### [EXERCISE GOAL]
Only one stretch of the listing below is wanted. Begin at the line that has "The Ritual: Gently", stop after the line that has "2、宠物可以在手机桌面上玩耍、行走、站立、睡觉、超多呆萌表情萌化你的内心。", and repeat every line in between exactly.

### [DATASET EXTRACT]
______________________________
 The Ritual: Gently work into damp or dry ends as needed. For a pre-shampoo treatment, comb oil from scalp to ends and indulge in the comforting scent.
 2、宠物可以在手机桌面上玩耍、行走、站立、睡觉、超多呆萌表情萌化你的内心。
______________________________
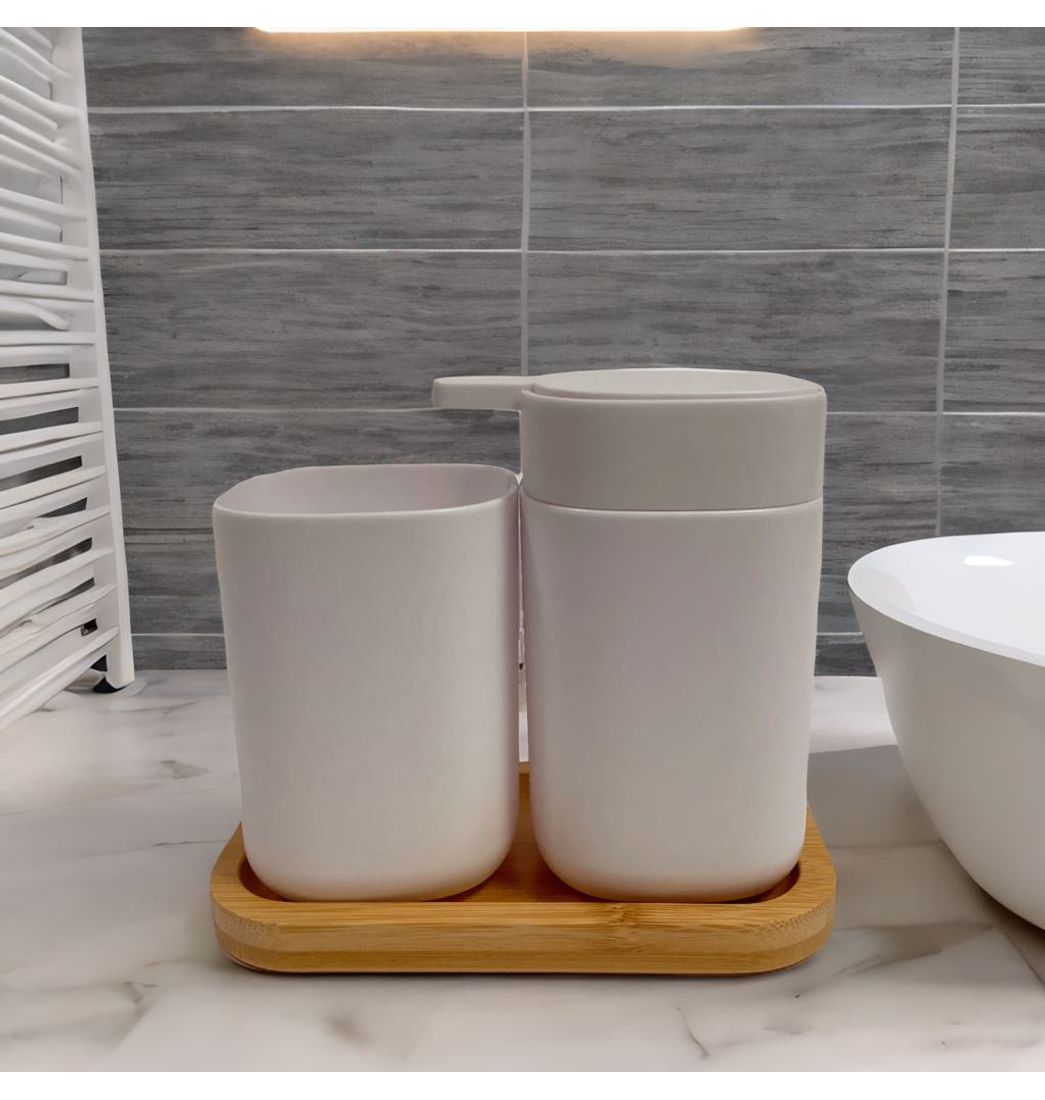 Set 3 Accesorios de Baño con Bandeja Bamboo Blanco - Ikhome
______________________________
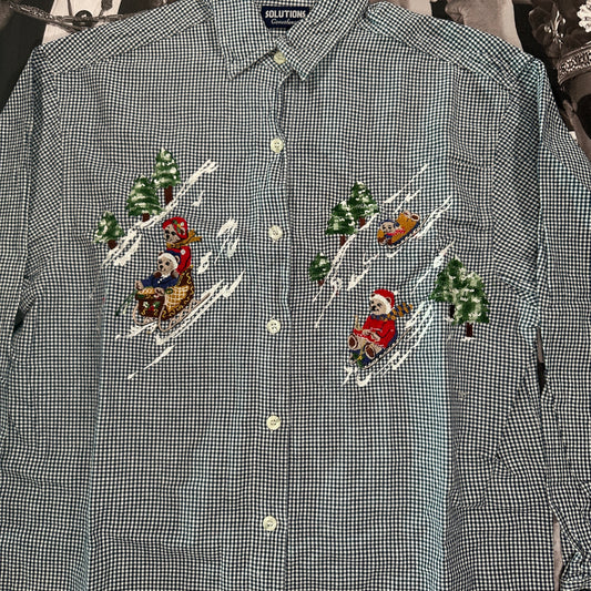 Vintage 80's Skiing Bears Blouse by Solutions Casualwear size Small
______________________________
### [ANSWER SPACE]
 The Ritual: Gently work into damp or dry ends as needed. For a pre-shampoo treatment, comb oil from scalp to ends and indulge in the comforting scent.
 2、宠物可以在手机桌面上玩耍、行走、站立、睡觉、超多呆萌表情萌化你的内心。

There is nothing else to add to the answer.